The IMpower150 trial [NCT02366143] was a large study that enrolled 1202 patients with stage IV recurrent or metastatic nonsquamous NSCLC. [They were] chemotherapy naive, with tumor tissue available for biomarker testing and with any PD-L1 IHC [immunohistochemistry] status. They were stratified by sex, PD-L1 IHC expression, and liver metastases.^6,7

The study had 3 arms [randomized 1:1:1]. Arm B was atezolizumab plus carboplatin plus paclitaxel plus bevacizumab for 4 or 6 cycles, followed by atezolizumab plus bevacizumab for maintenance therapy. Arm C was carboplatin plus paclitaxel plus bevacizumab for 4 or 6 cycles followed by maintenance with bevacizumab.

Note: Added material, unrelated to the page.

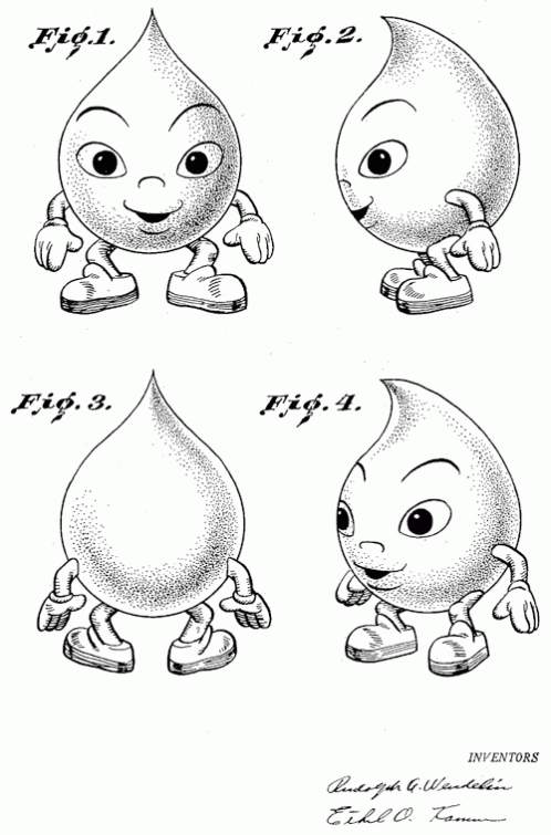 Meet Junior Raindrop, a hoodlum water drop who joins a gang in the hilarious 1948 animated Forest Service film The Adventures of Junior Raindrop. This patent design is for a Junior doll and was illustrated by Rudolph Wendelin, who is most famous for his drawings of Smokey the Bear. Be sure to watch the film and find out what happens to outlaw Junior.

Patients were treated until PD or unacceptable toxicities. [No crossover was permitted.]^6,7

The mOS for arm B vs arm C was 19.2 months compared with 14.7 months [HR, 0.78; 95% CI, 0.64-0.96; P = .02]. At 12 months, the OS rate was 67.3% in arm B vs 60.6% in arm C, and 43.4% compared with 33.7% at 24 months. This was a statistically significant and meaningful OS of arm B compared with arm C.^6.7

How did patients do in the trial of ipilimumab/nivolumab?

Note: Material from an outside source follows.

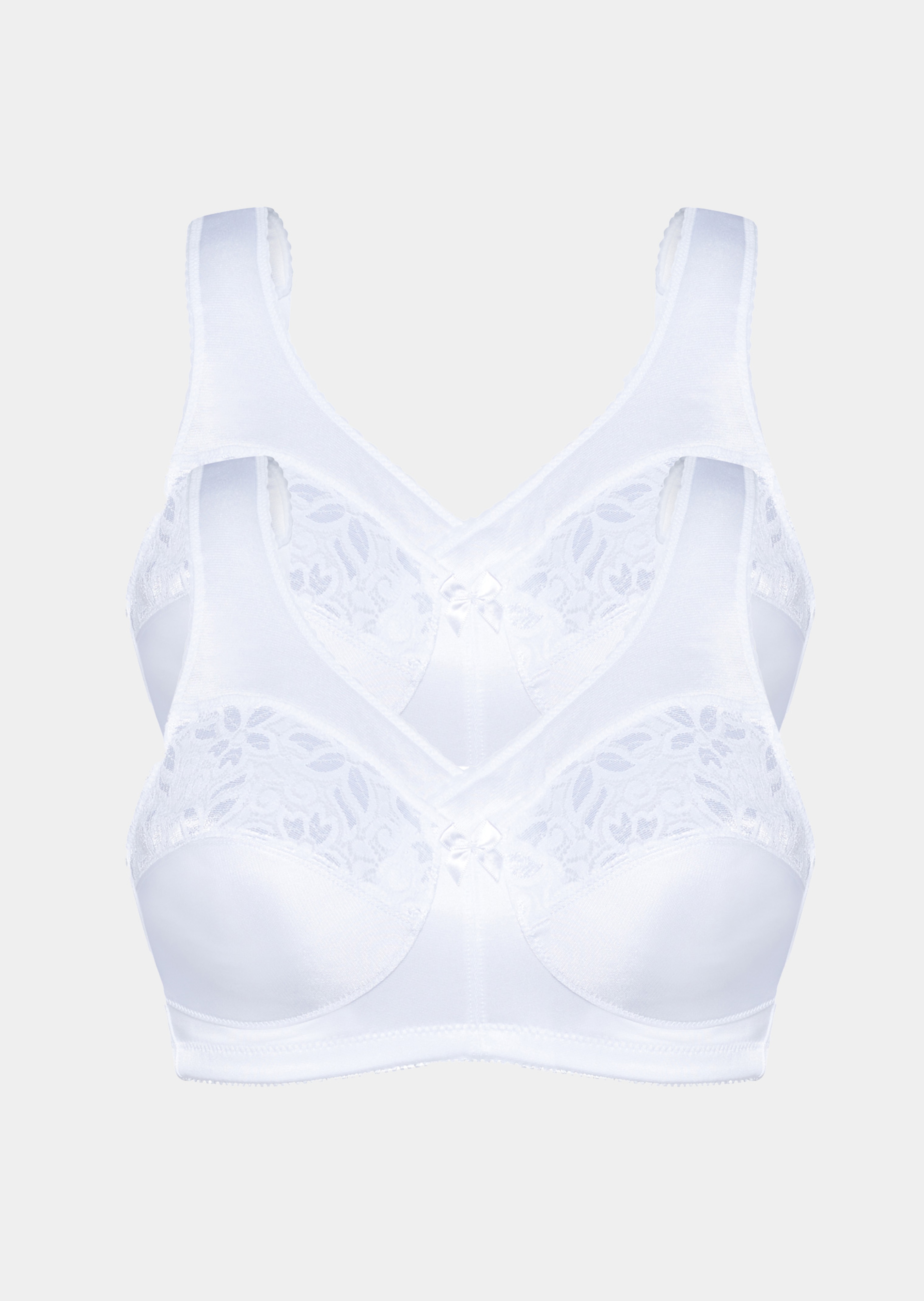 Lot de 2 soutiens-gorge SUSA. Modèle sans armatures qui offre un confort parfait, avec empiècements renforcés, bande de renfort doublée sous la poitrine et bretelles ouatinées. Bonnets à coutures modelantes, avec empiècement en dentelle fleurie sur le haut. Matière lisse et légèrement brillante. Bretelles et fermeture réglables au dos.

The CheckMate 227 [NCT02477826] study enrolled patients with stage IV or recurrent NSCLC who had no prior systemic chemotherapy, no known sensitizing EGFR or ALK alterations, and an ECOG performance status of 0 or 1. They enrolled 1189 patients with a PD-L1 expression greater than or equal to 1% and 550 patients who had a PD-L1 expression less than 1%. Patients with positive PD-L1 expression were randomized 1:1:1 into 3 arms. In 2 arms, ipilimumab plus nivolumab or nivolumab alone were given. Ipilimumab was given at 1 mg/kg every 6 weeks and nivolumab at 3 mg/kg every 2 weeks. These arms both had 396 patients. The third arm, which used histology-based chemotherapy, had 397 patients. Patients with negative PD-L1 expression were also randomized 1:1:1. One arm with 187 patients [received] ipilimumab plus nivolumab. The histology-based chemotherapy arm had 186 patients, and the nivolumab plus histology-based chemotherapy arm had 177 patients. This was a complex trial design. Patients with positive PD-L1 expression and TMB greater than or equal to 10 mutations per megabase [received a] coprimary analysis. The OS in the PD-L1 selected populations was a coprimary end point.⁸

In the group with positive PD-L1 expression, the OS rate for the ipilimumab plus nivolumab arm compared with the histology-based chemotherapy arm was 63% vs 56% at 1 year, 40% vs 33% at 2 years, and 33% vs 22% at 3 years. The HR for PFS at 30 months was 0.79 [97.72% CI, 0.65-0.96].^9,10

Additional exploratory subgroup analyses showed [a survival benefit of nivolumab plus ipilimumab]. The group with a PD-L1 TPS of 1% to 49% had an HR of 0.94 [95% CI, 0.75-1.18], and those with a PD-L1 TPS greater than or equal to 50% had an HR of 0.70 [95% CI, 0.55-0.90].⁹

Grade 3 and 4 adverse events [AEs] were very similar for the chemotherapy and the immunotherapy arms. All grade 3 or 4 AEs were 32.8% in the immunotherapy arm vs 36% in the chemotherapy arm. As expected, there were diarrhea and other immune toxicities in the immunotherapy arm and chemotherapy-specific toxicities in the chemotherapy arm.9

Please describe the CheckMate 9LA trial for patients with NSCLC.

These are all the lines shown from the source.